LWN: Comments on "Bounded loops in BPF for the 5.3 kernel"

Bounded loops in BPF for the 5.3 kernel

johill — Thu, 08 Aug 2019 19:27:09 +0000

The verifier always halts, simply because it gives up after a while. It only processes a maximum of 1e6 instructions (BPF_COMPLEXITY_LIMIT_INSNS) before giving up:

                if (++env->insn_processed > BPF_COMPLEXITY_LIMIT_INSNS) {
                        verbose(env,
                                "BPF program is too large. Processed %d insn\n",
                                env->insn_processed);
                        return -E2BIG;
                }

Bounded loops in BPF for the 5.3 kernel

fuhchee — Wed, 07 Aug 2019 15:48:11 +0000

Yes, exactly - construing the language as the sequence of bpf bytecodes that are accepted as inputs.

Bounded loops in BPF for the 5.3 kernel

laarmen — Wed, 07 Aug 2019 07:39:37 +0000

What the halting problem basically says is that there are some programs for which one cannot tell if they will halt or not. Doesn't mean all programs, nor even most programs, just "some". I'm not aware of any proof that the verifier is one of those programs (nor of a proof that it halts, for that matter), and a quick Google search doesn't turn out any promising link.

Anyone aware of such work ?

Bounded loops in BPF for the 5.3 kernel

massimiliano — Tue, 06 Aug 2019 11:39:32 +0000

The way I see it, the semantics of the BPF is that a program needs to be verified, and then executed. The verification step is an integral part of the execution, because if affects the final result of the high level invocation of a BPF program (the invocation might fail because the verification fails).

My take is that the verifier, being implemented in a Turing complete language (C), is subject to the halting problem and in principle could never terminate.

It is like if every BPF program had an initial implicit "verify" instruction opcode. A BPF program without verification step is Turing complete (thanks to its loops), and one with the verification step... maybe is not Turing complete by itself (it number of states is bounded so in the end it is a a finite state machine), but it is still subject to the halting problems because of the verifier!

Of course, as said in other comments, nothing of this matters in practice. But it is one way of understanding how BPF programs are not violating the "halting problem" principle: it's just that kernel developers are trusting the verifier to always terminate :-)

Bounded loops in BPF for the 5.3 kernel

farnz — Tue, 06 Aug 2019 09:27:20 +0000

As an aside, examining the code in Matt Godbolt's Compiler Explorer shows that gcc 9.1 leaves an unnecessary MOV before UD2, while clang goes straight to RET. MSVC compiles to clear RAX, load EAX from *RAX, and return 0, while ICC generates code to set up SSE2 the way it wants it, loads AL from *NULL, and then calls an "abort" subroutine.

Bounded loops in BPF for the 5.3 kernel

ecree — Mon, 05 Aug 2019 17:21:29 +0000

So the verifier does not incur the cost of tracking all registers precisely; instead, when the need arises, it backtracks through the use of a register in the code to generate a precise value if possible.

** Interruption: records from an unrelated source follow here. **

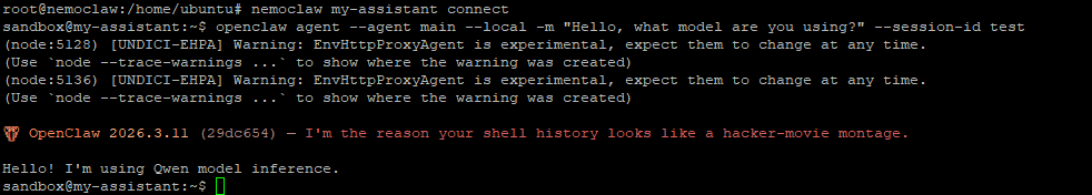openclaw agent --agent main --local -m "Hello, what model are you using?" --session-id test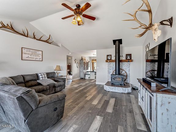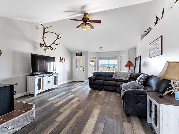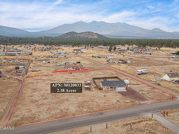Come take a look at this beautiful single level home in Doney Park. 1436 sqft of living space features a large family room and spacious kitchen. 3 bedrooms and 2 full bathrooms accompany this well taken care of home. Large primary bedroom boasts a spacious bathroom with a walk-in closet. Home has recently been updated with new floors, kitchen and tasteful bathrooms. Home is in a haul water area and has a 1500 gallon cistern tank. Amazing view of the San Francisco Peaks from the back patio! Stunning views with 2.38 acres of land to make your own dreams come true.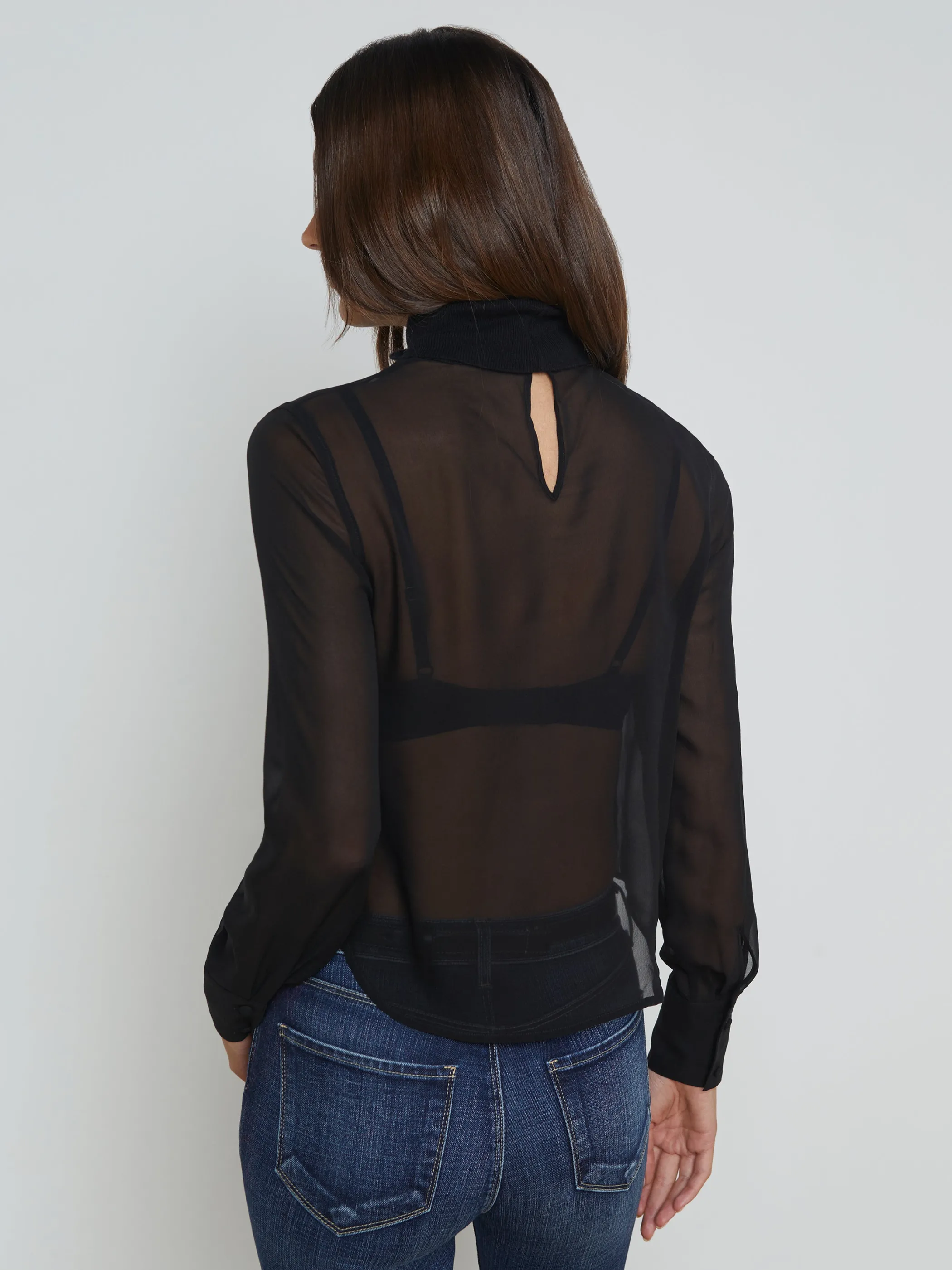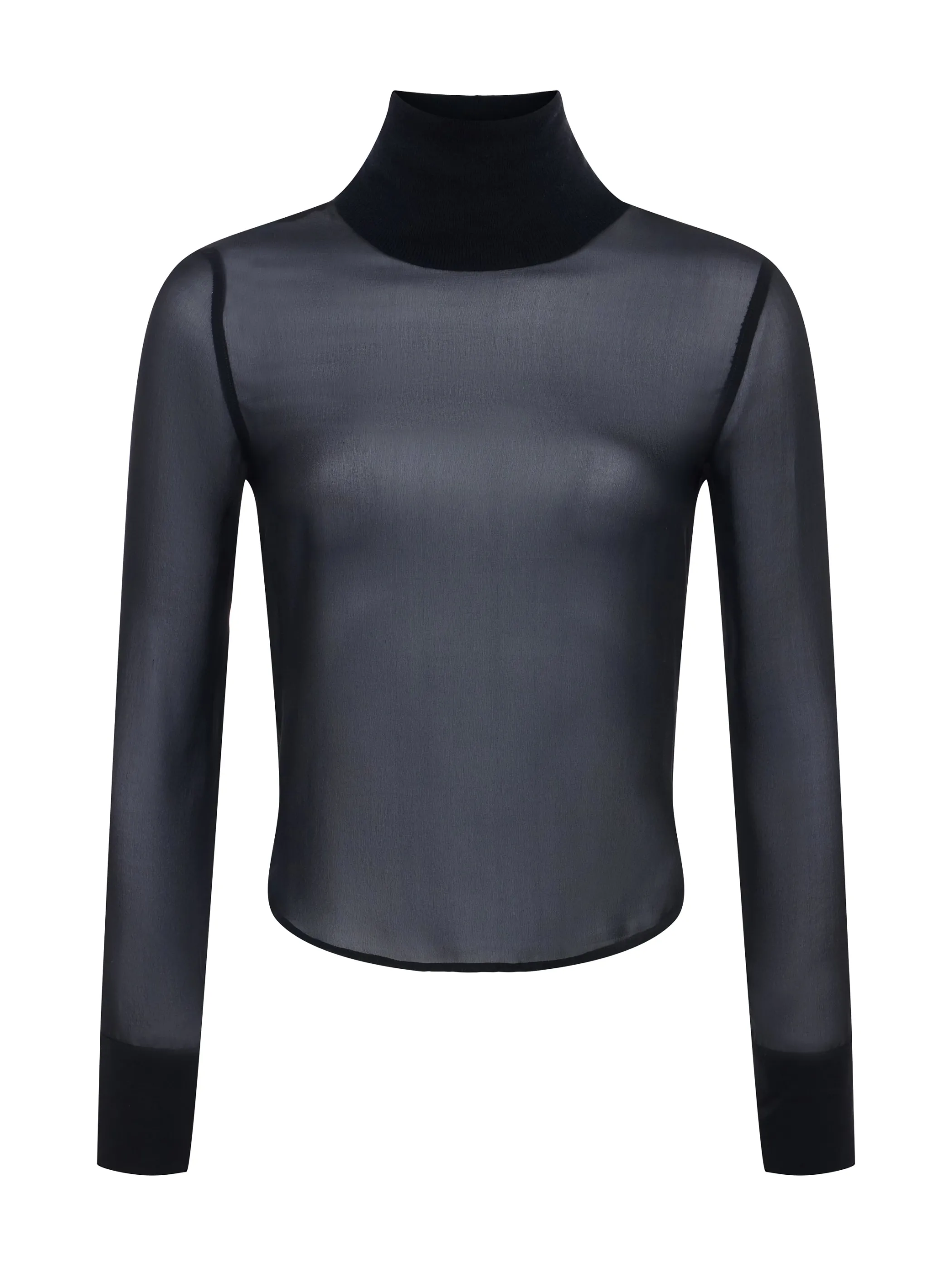 Breathtaking sheer silk chiffon contrasts a ribbed knit turtleneck. Layer Toulon over your favorite camisole or wear alone.

Alexei can correct me, but I don't think this is quite accurate. AIUI, the verifier always calculates precise value bounds, but normally that precision is ignored for pruning. Only if the path from a pruning point to an exit uses the precise value does the precise value need to be checked for pruning safety. So the backtracking is marking parent states as "needs precision", not actually generating new values.

Should verification be done in the kernel?

ecree — Mon, 05 Aug 2019 17:16:54 +0000

The eBPF developers are aware of this work, and we looked into whether any of it could be of use. The following analysis is my own, but I believe the other devs broadly agree with it.
There are some problems which are non-trivial, at least, with trying to extend PREVAIL to cover the full feature set of the existing verifier, including:
* the zone domain can only support relational difference constraints _or_ relational integer congruence constraints (Miné 2004 §5.4.6), not both at once (the paper just states this is 'straightforward' without further explanation) which is needed for alignment checking.
* similarly, the paper doesn't actually explain how abstract interpretation can check loop termination; once you've got a fixed-point state set, how do you determine that the program doesn't go round in circles within that set? Just stating that it's possible doesn't guide implementors much.
* the verifier today has checks more complicated than simple 'safety of execution', for instance it can detect certain speculative-execution vulnerabilities (don't ask me how this works). It's not clear that an abstract semantics can be written that deals with this.
* sure your runtime complexity is good, but that memory usage!
Our conclusion was that the best use we could make of PREVAIL was to incorporate some of its detail ideas, while rejecting the overall architecture. In particular, I was intrigued by the concept (§7.3) of having userspace supply (essentially) a safety proof which the kernel merely validates; the equivalent of this in the existing verifier's architecture would be to specify explored_states at pruning points which are both sufficient to prove safety downstream and provable from the upstream code (which currently are discovered by the verifier and often overly precise, leading to path explosion); this would be particularly useful in the form of loop invariants as the kernel verifier would only need to prove (a) holds at loop entry, (b) maintained by loop and (c) sufficient to prove safety from loop exit. I haven't had the time to dig into this myself (and expect to be far too busy in the near future).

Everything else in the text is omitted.